* _Work to be completed_: Output exactly, in the material below, the lines from the one with "1 set of Eye" through the one with "ハリとしなやかさのあるキルテ". Omit all pictures.

* _Records provided_:
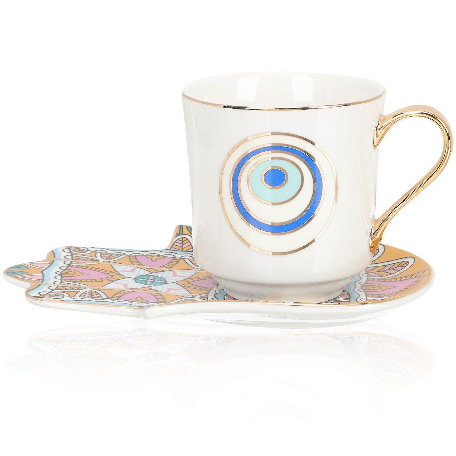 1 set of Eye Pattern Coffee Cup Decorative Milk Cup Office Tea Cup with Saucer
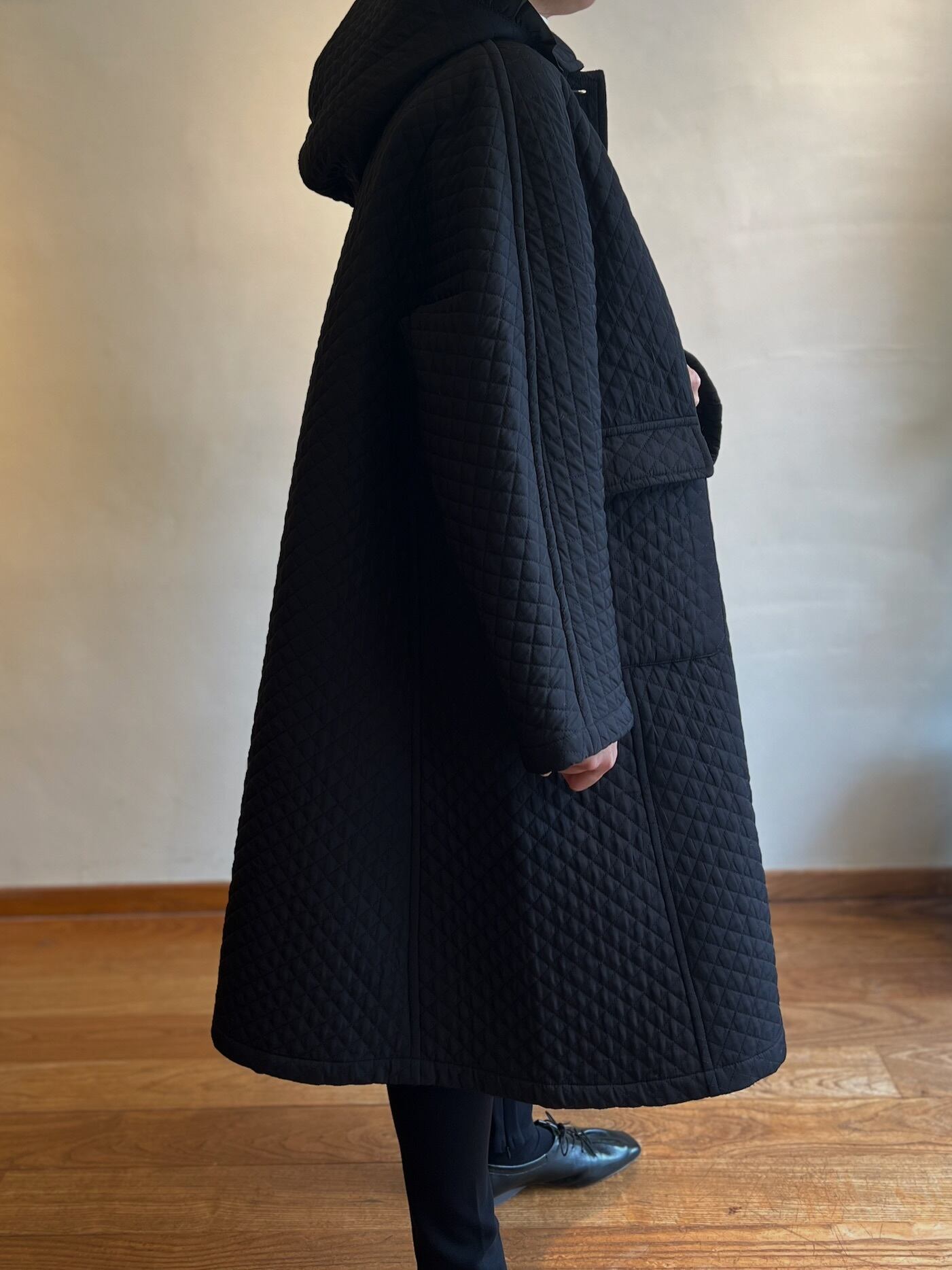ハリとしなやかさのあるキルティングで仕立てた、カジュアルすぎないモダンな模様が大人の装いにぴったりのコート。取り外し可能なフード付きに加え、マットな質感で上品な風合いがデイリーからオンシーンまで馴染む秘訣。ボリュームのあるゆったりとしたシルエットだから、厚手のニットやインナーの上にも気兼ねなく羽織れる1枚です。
...
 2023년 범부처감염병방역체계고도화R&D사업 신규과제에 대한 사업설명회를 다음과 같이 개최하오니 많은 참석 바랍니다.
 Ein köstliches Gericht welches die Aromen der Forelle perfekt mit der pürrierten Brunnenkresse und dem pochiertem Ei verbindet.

* _Solution to this problem_:
 1 set of Eye Pattern Coffee Cup Decorative Milk Cup Office Tea Cup with Saucer
ハリとしなやかさのあるキルティングで仕立てた、カジュアルすぎないモダンな模様が大人の装いにぴったりのコート。取り外し可能なフード付きに加え、マットな質感で上品な風合いがデイリーからオンシーンまで馴染む秘訣。ボリュームのあるゆったりとしたシルエットだから、厚手のニットやインナーの上にも気兼ねなく羽織れる1枚です。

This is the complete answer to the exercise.